Global stock markets have faced significant losses after President Donald Trump rolled out sweeping new tariffs expected to increase costs and hinder economic growth both domestically and internationally. The S&P 500, a benchmark for American companies, suffered a staggering 4.8% decline, marking its worst daily performance since the COVID-19 pandemic struck in 2020. Major consumer brands including Nike, Apple, and Target were adversely impacted, each witnessing share drops exceeding 9%.
Trump's Tariffs Cause Dramatic Downturn in Global Stocks

Trump's Tariffs Cause Dramatic Downturn in Global Stocks
Major financial markets experience their largest drops since the onset of COVID-19 following President Trump's announcement of new tariffs.
Earlier in the day, Trump defended his stance on tariffs, which target various imports with an initial 10% levy, asserting they would revitalize U.S. manufacturing and federal revenue. Moreover, countries like China, facing a total tariff of 54%, and the European Union, with a 20% duty, have promised retaliation against the U.S. 's aggressive trade strategies. The World Trade Organization expressed serious concerns regarding potential global trade contraction as traders brace for ongoing economic repercussions.
The steep decline in market values, roughly equivalent to $2 trillion, continues a trend of sell-off driven by trade war anxieties since mid-February. The Dow Jones and Nasdaq followed suit, decreasing by nearly 4% and 6%, respectively. Internationally, the UK's FTSE 100 also fell by 1.5%, generally reflecting bearish sentiment across global markets.
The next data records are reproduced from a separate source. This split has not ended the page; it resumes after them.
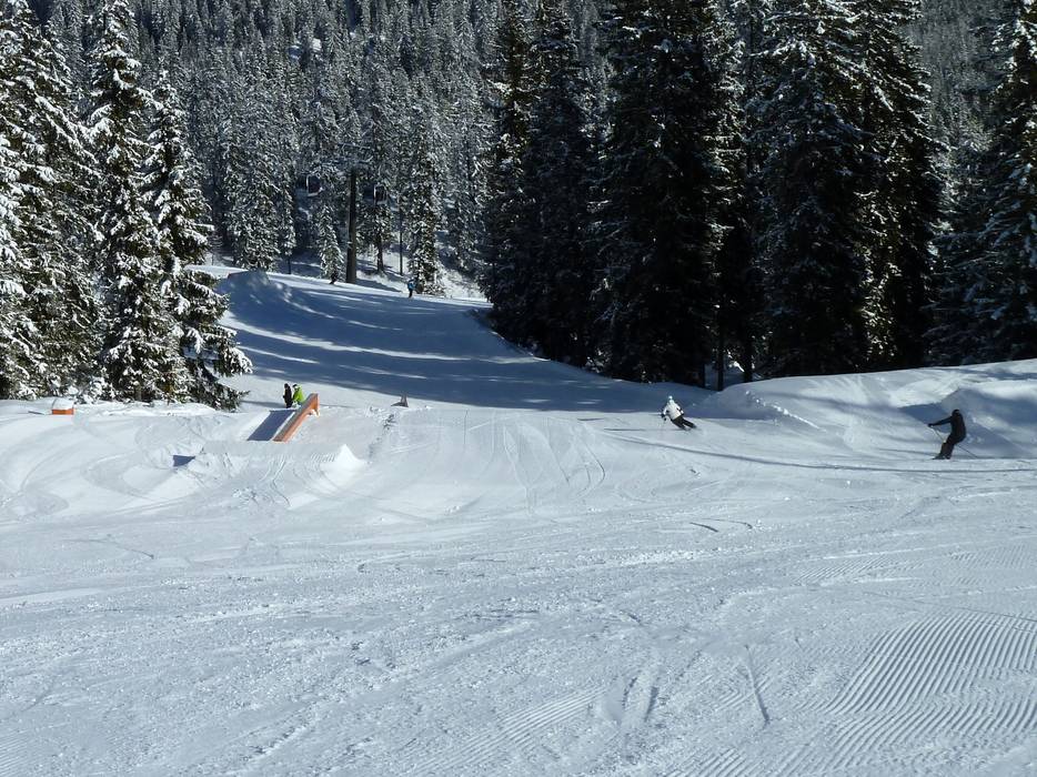The Blue Tomato Kings Park is located parallel to the Kings-Cab gondola and offers kickers and obstacles of all levels of difficulty along almost 2 km. The park is, of course, groomed daily.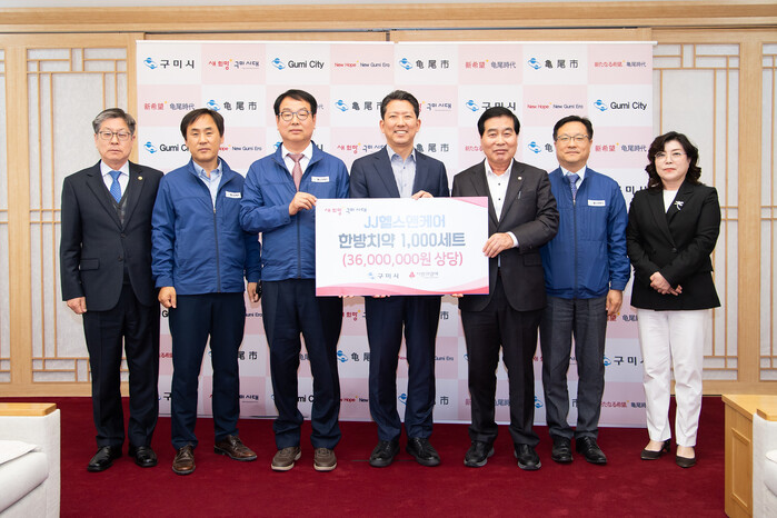 [구미=박병상 기자] 경북 구미시(시장 김장호)는 22일(수) 16시 국제통상협력실에서 JJ헬스앤케어 장재권 대표와 임원진, 안주찬 시의장이 참석한 가운데 건강케어제품 1,000세트(36백만원상당)를 전달하는 기탁식을 가졌다.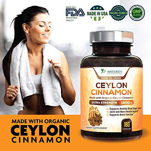 Nature's Nutrition True Organic Ceylon Cinnamon Highest Potency Standardized 1800mg - Organic Ceylon Cinnamon Pills - Healthy Blood Sugar Support Supplement, Vegan Joint Pain Relief Anti-Inflammatory - 180 Capsules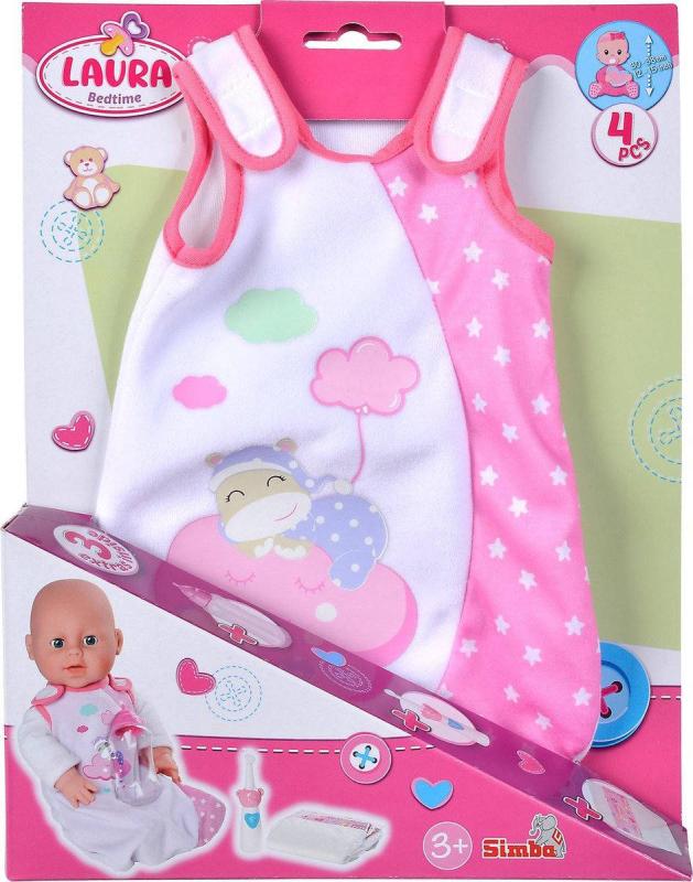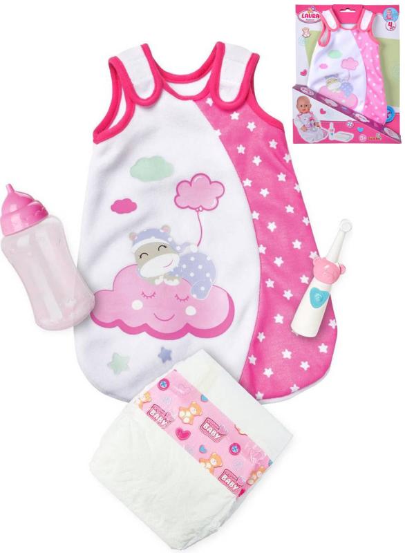 Kojenecká sada na spaní obsahující spací pytel, zubní kartáček, plenku a lahvičku - doplněk pro panenku - miminko Lauru o velikosti 30-38cm.S herním setem Laura Good Night můžete svou panenku uložit do postele a připravit ji na klidný spánek. Před spaním se napije z lahvičky a poté si zuby vyčistí zubním kartáčkem. Po výměně plíny může vaše panenka vklouznout do spacího pytle s roztomilým motivem zvířátek.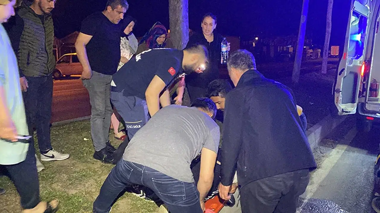 Yolda sürüklenerek yaralanan motosikletin sürücüsü, Düzce Üniversitesi Tıp Fakültesi Eğitim Araştırma ve Uygulama Hastanesi'ne kaldırıldı.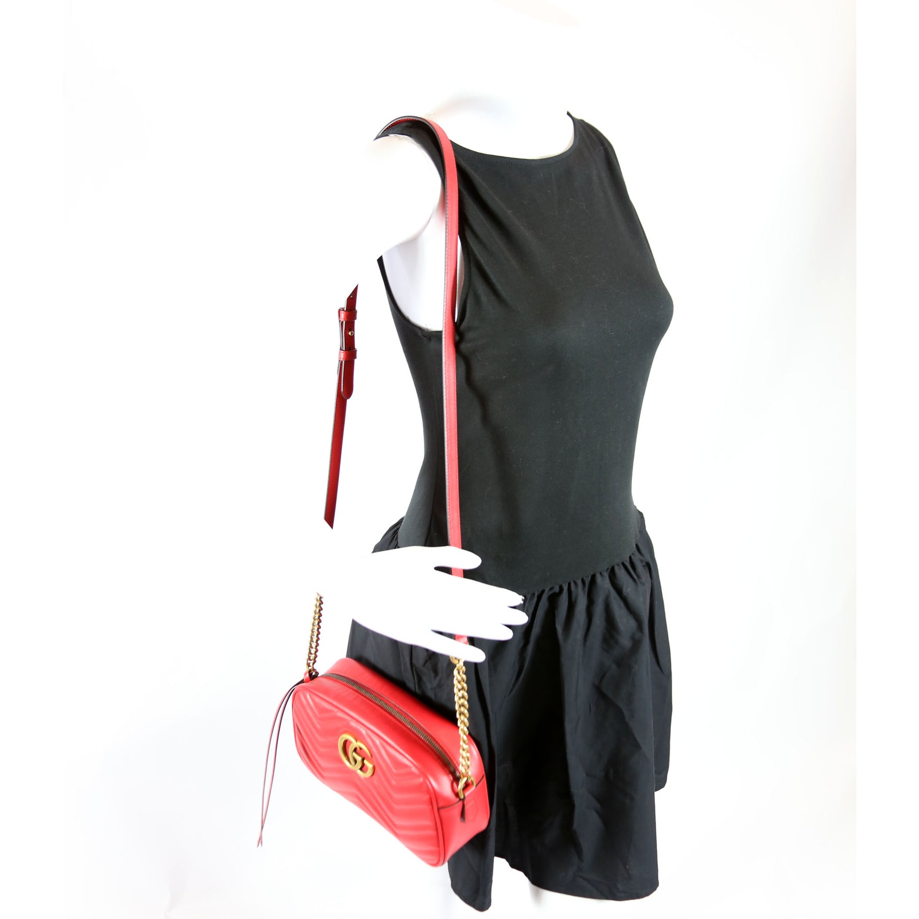 This pre-owned Gucci Marmont Small Leather Camera is guaranteed 100% authentic.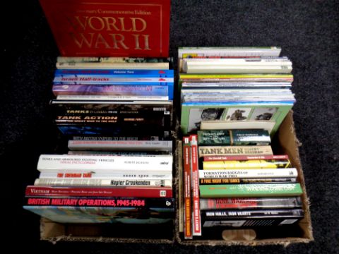 Two boxes of books relating to military vehicles and warfare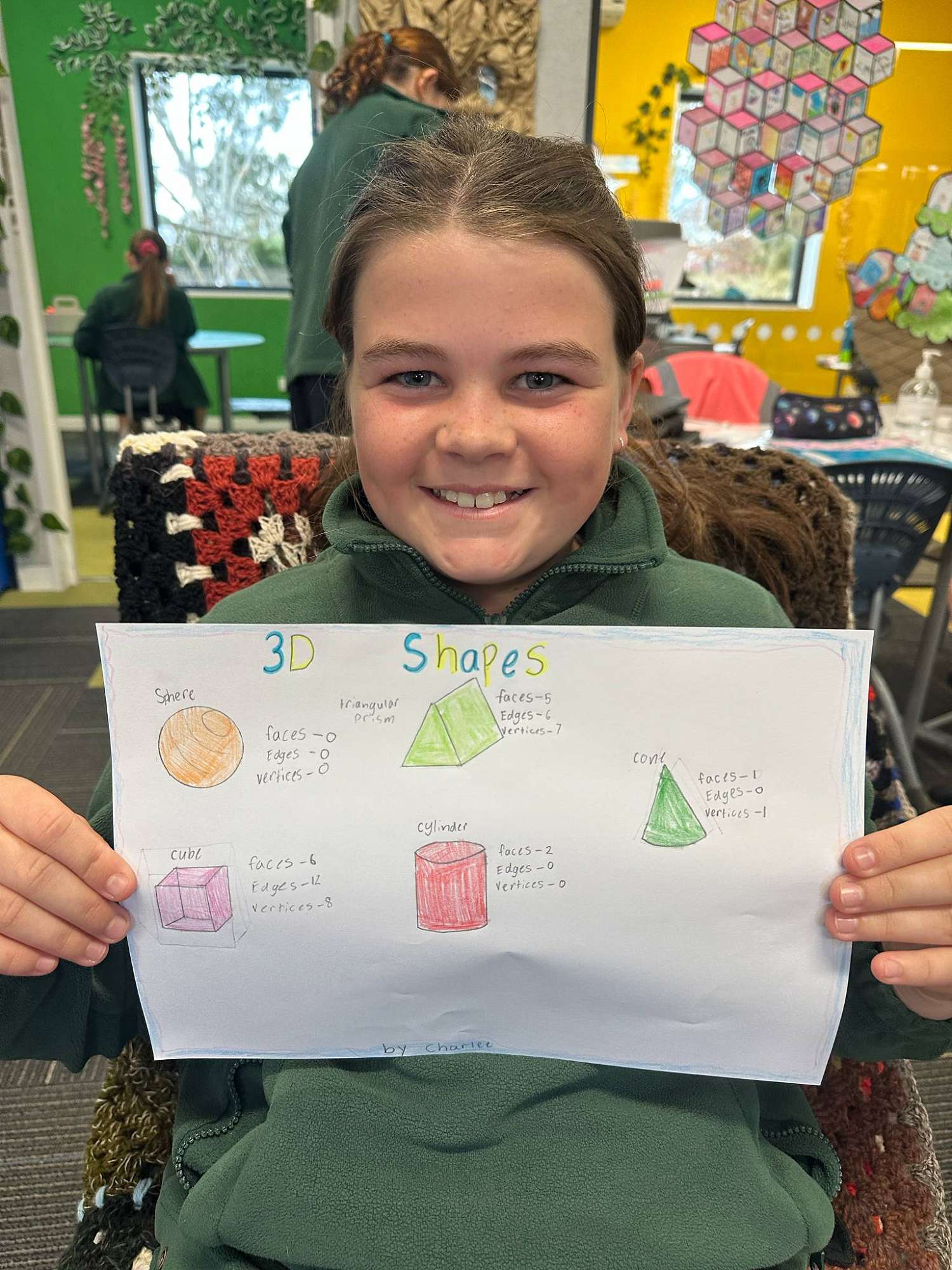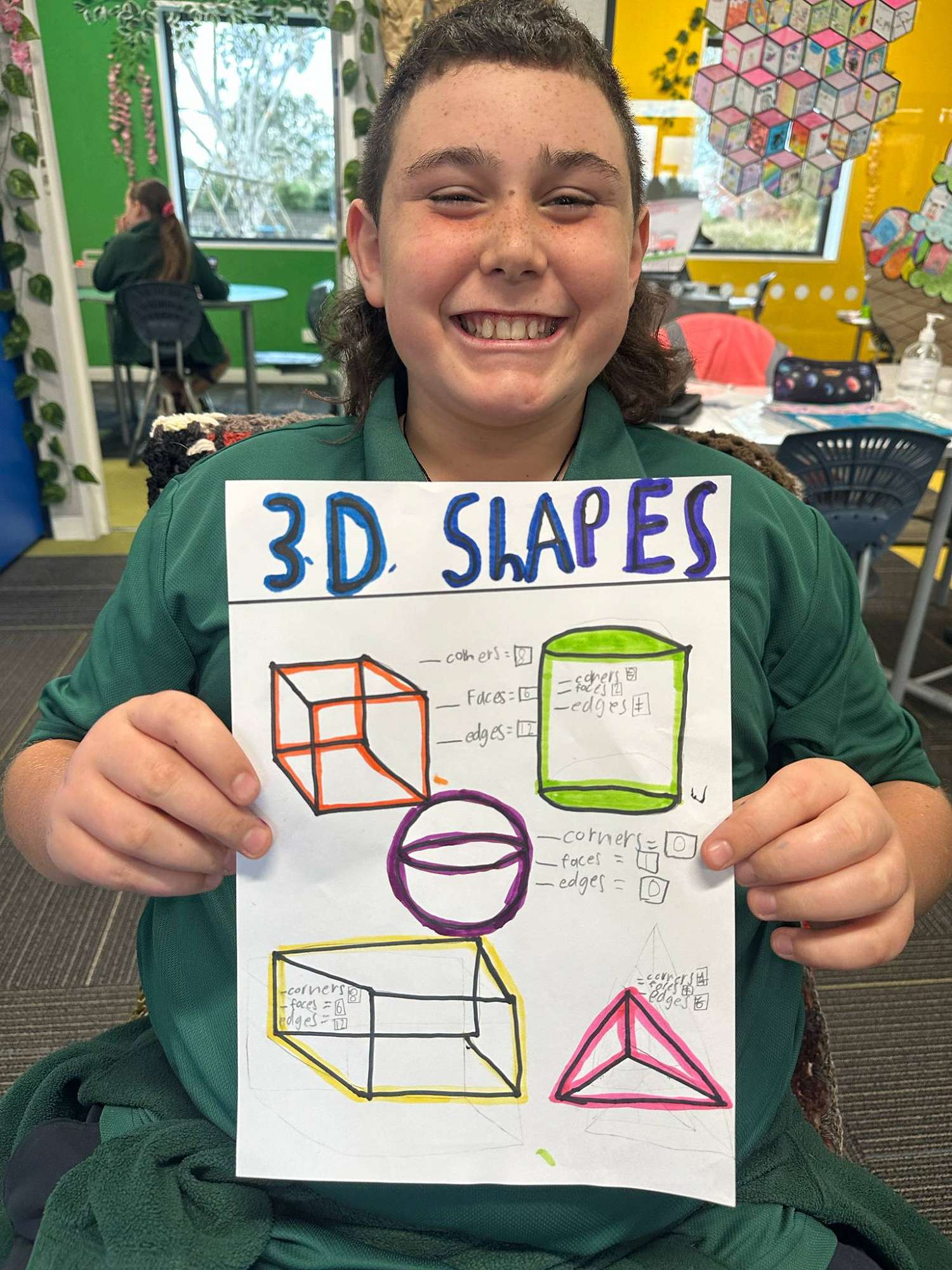 The context of our 'houses' unit was used to develop concepts such as drawing and modelling 3-dimensional objects, using coordinate systems to locate position, and use geometrical vocabulary, like edges, vertices, and surfaces. Check out some work below: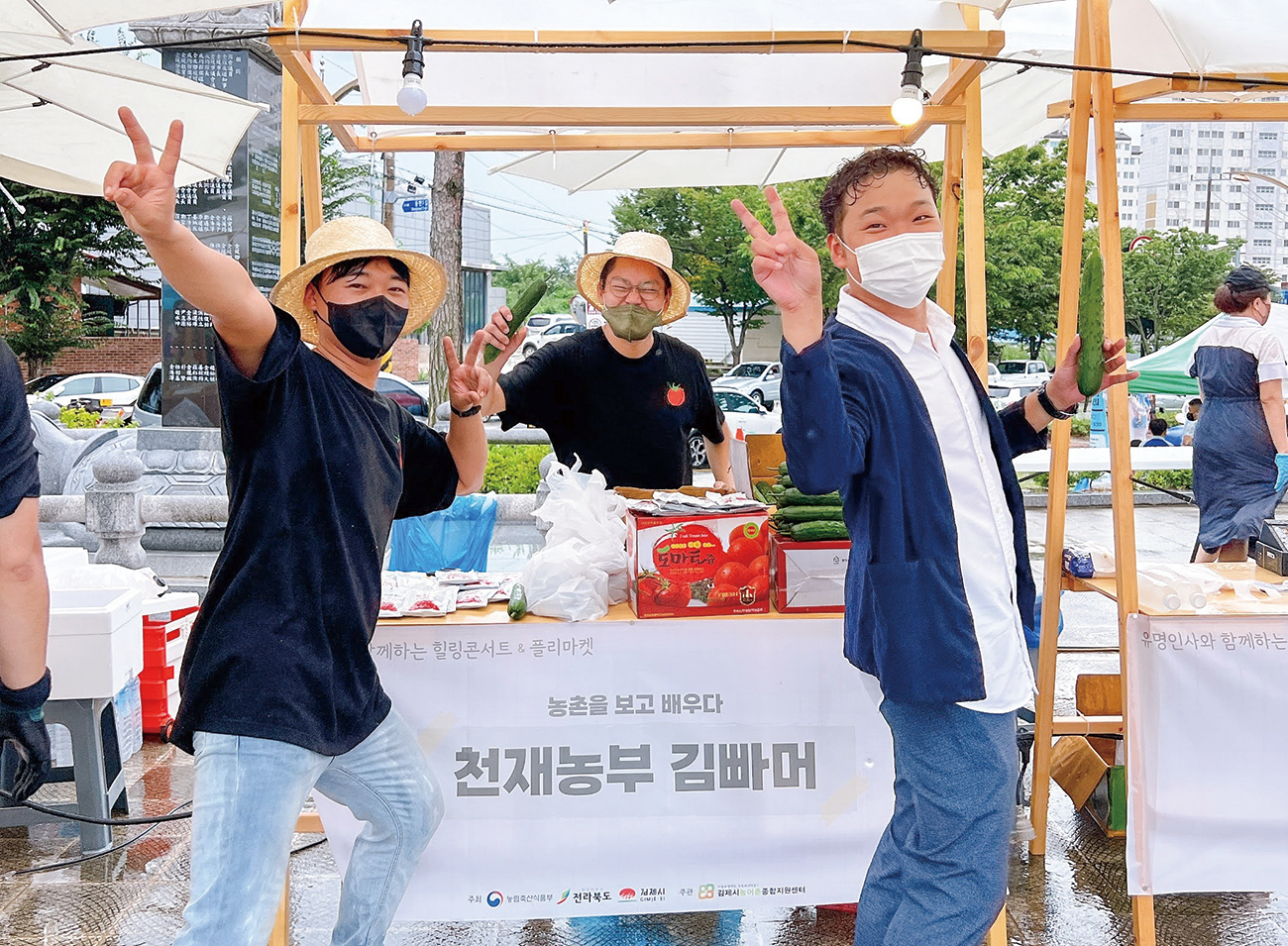 ‘농촌을 보고 배우다’팀은 지역의 바른 먹거리를 제값 받고 판매하는 방법에 대해 고민했다. 단순히 지역 농산물 판매장을 여는 것이 아니라 청년들이 함께하는 문화의 장이 될 수 있도록 고민했고 청년 놀이터와 플리마켓을 진행했다. 청년 놀이터(물놀이, 추억의 오락실 등)를 마련하고 청년 농업인 생산 작물 홍보 및 판매를 위한 플리마켓을 열었다. 김제시 농어촌종합지원센터와 함께 ‘유명인과 함께하는 힐링콘서트’도 진행했다. 소규모 청년들의 문화 공연의 장이 마련되면서 자연스럽게 청년들이 모였고, 플리마켓은 지역주민과 청년들의 신나는 놀이터가 되었다.

At a press conference, Trump reiterated his belief in the long-term success of his policy changes despite the negative impacts on stocks. "The markets are going to boom," he proclaimed, signaling potential negotiations if trade partners offer favorable concessions. However, analysts predict that these tariffs could exacerbate inflation and hinder growth, even potentially leading the U.S. toward recession without significant changes such as tax cuts.
As manufacturing sectors brace themselves for potential operational adjustments, companies are exploring whether to absorb the costs of tariffs, share them with partners, or pass the increased expenses onto consumers. The uncertainty surrounding consumer spending—which constitutes up to 15% of the global economy—raises concerns about broader financial implications.
Shares of companies like Stellantis, which announced temporary halts in production in response to the tariffs, indicate the unraveling effects of Trump's trade policy on employment and market dynamics. As shares of major retailers struggle, analysts warn of continued volatility in the markets as tensions rise and patterns of trade evolve in response to these tax changes.
The steep decline in market values, roughly equivalent to $2 trillion, continues a trend of sell-off driven by trade war anxieties since mid-February. The Dow Jones and Nasdaq followed suit, decreasing by nearly 4% and 6%, respectively. Internationally, the UK's FTSE 100 also fell by 1.5%, generally reflecting bearish sentiment across global markets.
At a press conference, Trump reiterated his belief in the long-term success of his policy changes despite the negative impacts on stocks. "The markets are going to boom," he proclaimed, signaling potential negotiations if trade partners offer favorable concessions. However, analysts predict that these tariffs could exacerbate inflation and hinder growth, even potentially leading the U.S. toward recession without significant changes such as tax cuts.
As manufacturing sectors brace themselves for potential operational adjustments, companies are exploring whether to absorb the costs of tariffs, share them with partners, or pass the increased expenses onto consumers. The uncertainty surrounding consumer spending—which constitutes up to 15% of the global economy—raises concerns about broader financial implications.
Shares of companies like Stellantis, which announced temporary halts in production in response to the tariffs, indicate the unraveling effects of Trump's trade policy on employment and market dynamics. As shares of major retailers struggle, analysts warn of continued volatility in the markets as tensions rise and patterns of trade evolve in response to these tax changes.